Column input Section

Column input allows you to read variable values that occupy the same columns within each record. To use column input, list the variable names in the INPUT statement, immediately following each variable name with its corresponding column positions in each of the data lines. (Of course, you'll need to follow each character variable with a dollar sign ($) first.) Column input can be used whenever your raw data are in fixed columns and in standard character or numeric format. Column input reads data values until it reaches the last specified column for the field.

The important points to note about column input are:

  • When using column input, you are not required to indicate missing values with a placeholder, such as a period. That is, missing values can be left as blank.
  • Column input uses the columns specified to determine the length of character variables, thereby allowing the character values to exceed the default 8 characters and to have embedded spaces.
  • Column input allows fields to be skipped altogether or to be read in any order.
  • Column input allows only part of a value to be read and allows values to be re-read.
  • Spaces are not required between the data values.

Example 2.5 Section

The following SAS program illustrates the simplest example of column input.

DATA temp;
  input subj 1-4 name $ 6-23 gender 25 height 27-28 weight 30-32;
  CARDS;
1024 Alice Smith        1 65 125
1167 Maryann White      1 68 140
1168 Thomas Jones       2 68 190
1201 Benedictine Arnold 2 68 190
1302 Felicia Ho         1 63 115
  ;
RUN;


PROC PRINT data=temp;
  title 'Output dataset: TEMP';
RUN;
Output dataset: TEMP
Obs subj name gender height weight
1 1024 Alice Smith 1 65 125
2 1167 Maryann White 1 68 140
3 1168 Thomas Jones 2 68 190
4 1201 Benedictine Arnold 2 68 190
5 1302 Felicia Ho 1 63 115

First, inspect the SAS code to make sure you understand how to set up the INPUT statement for column input.

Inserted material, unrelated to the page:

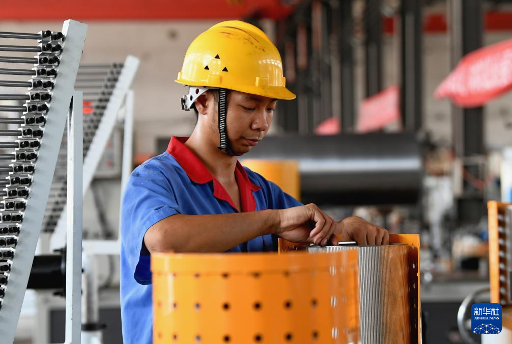 9月4日,工人在阜城县码头镇一家包装机械制造企业生产车间内工作。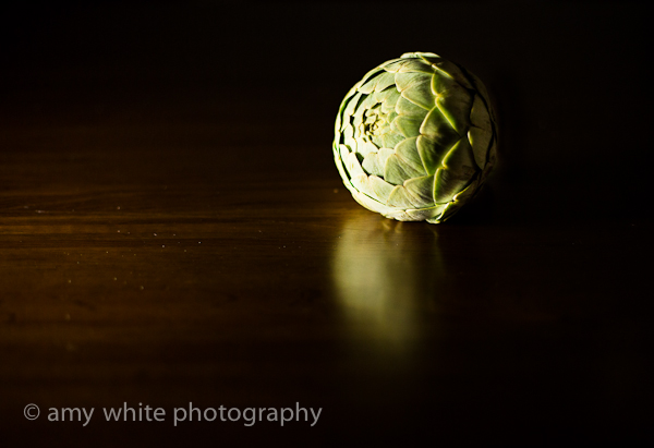 I want to critique #1 because this one really speaks to me. You have given the artichoke life and a little bit of personality — there\’s something playful about the image, like it just rolled in from the shadows. The light is fantastic, and the reflection is wonderful. I like that you have kept the \”horizon line\” (the foundation on which the artichoke rests) above the halfway point. I wonder about the top edge placement, though — what was behind that decision? I\’d have been inclined to place this one lower, though I see an argument for the upper placement suggesting a little more movement. For comparison\’s sake, here is the lower placement:

Then, launch and run the SAS program.

Finally, review the output (click on  from the print procedure to convince yourself that the data are read in properly.

Example 2.6 Section

The following SAS program illustrates some of the key features of column input:

DATA temp;
  input init $ 6 f_name $ 6-16 l_name $ 18-23
        weight 30-32 height 27-28;
  CARDS;
1024 Alice       Smith  1 65 125
1167 Maryann     White  1 68 140
1168 Thomas      Jones  2    190
1201 Benedictine Arnold 2 68 190
1302 Felicia     Ho     1 63 115
  ;
RUN;


PROC PRINT data=temp;
  title 'Output dataset: TEMP';
RUN;
Output dataset: TEMP
Obs init f_name l_name weight height
1 A Alice Smith 125 65
2 M Maryann White 140 68
3 T Thomas Jones 190 .
4 B Benedictine Arnold 190 68
5 F Felicia Ho 115 63

First, inspect the SAS code so that you can become familiar with some of the features of column input. Then, launch and run the SAS program.

Review the output (click on ) from the print procedure to convince yourself that the data are read in properly. Note that the position of the variables within the temporary data set temp corresponds to the order in which the variables appear in the input statement, not the order in which the variables appear in the data set.